The Myth of Venice

Sophia Psarra Professeur à The Bartlett School of Architecture de Londres tiendra une conférence sur place à l'EIREST sur le thème :
The Myth of Venice: Urban Transformations, Representations and the Politics of Survival

12 Decembre 2022, 15h Campus Lourcine, salle 109


Projecting itself as a perfect city in the 15th and 16th centuries, Venice played a key role in the development of Western political values, until Napoleon put an end to the Myth of the Serenissima. At the very moment of the end of this era, a second cycle of intense influences began as the railway and other 19th-century modernisations brought the artists and writers of the Grand Tour to Italy, revising interest in the ancient and Renaissance worlds. To the early 19th-century Romantic travellers, Venice was not only a beautiful city, but also a symbol of loss and labyrinthine decay, central to taste in the picturesque.
Transfigured into the distressed image of decadence and decrepitude, Venice’s Myth continued exercising influence over urban design and politics, becoming a central site for the European imagination. Since re-inventing itself as the quintessential place of the artistic and popular imagination, Venice developed into an arts city, a festival city, and a tourist city far and wide, threatened by environmental vulnerability and tourist monoculture. Addressing the intersection between the actual city and its representations in political discourse and literature, this lecture will explore what Venice can learn from its past in order to re-imagine itself as a vibrant and various city for the future.
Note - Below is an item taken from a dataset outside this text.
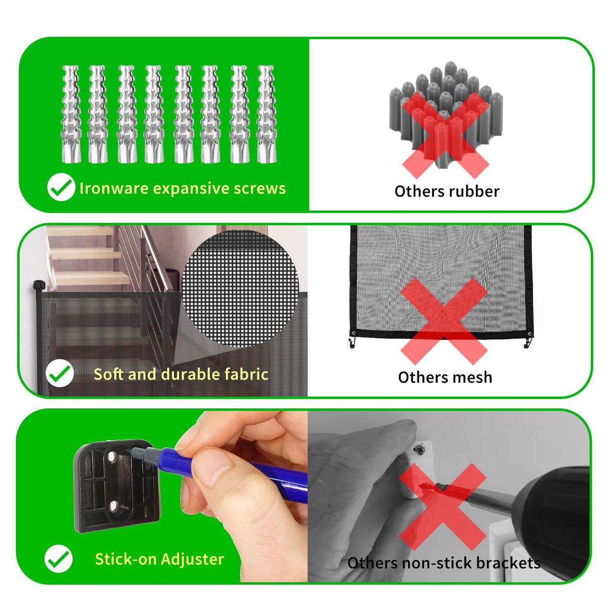 - Premium & Durable Material: Crafted from high-quality, durable mesh, this long baby gate is designed to withstand the adventurous spirit of your little explorer or furry friend. Despite its robust construction, the mesh design allows for visibility, enabling you to always keep an eye on them.

Sophia Psarra is Professor at The Bartlett School of Architecture, UCL where she direct the Architectural and Urban History and Theory PhD programme. Her research focuses on spatial and urban morphology in relation to the histories of building and cities that have influenced their development alongside the social patterns of human activity. She is the author of The Venice Variations (UCL Press, 2018) exploring cities and buildings as multi-authored processes of formation alongside authored projects of individual design intention. Sophia has taught undergraduate/graduate studios and seminars at The Bartlett, University of Michigan (2005-2011), Cardiff University (1997-2004) and the University of Greenwich (1992-1997).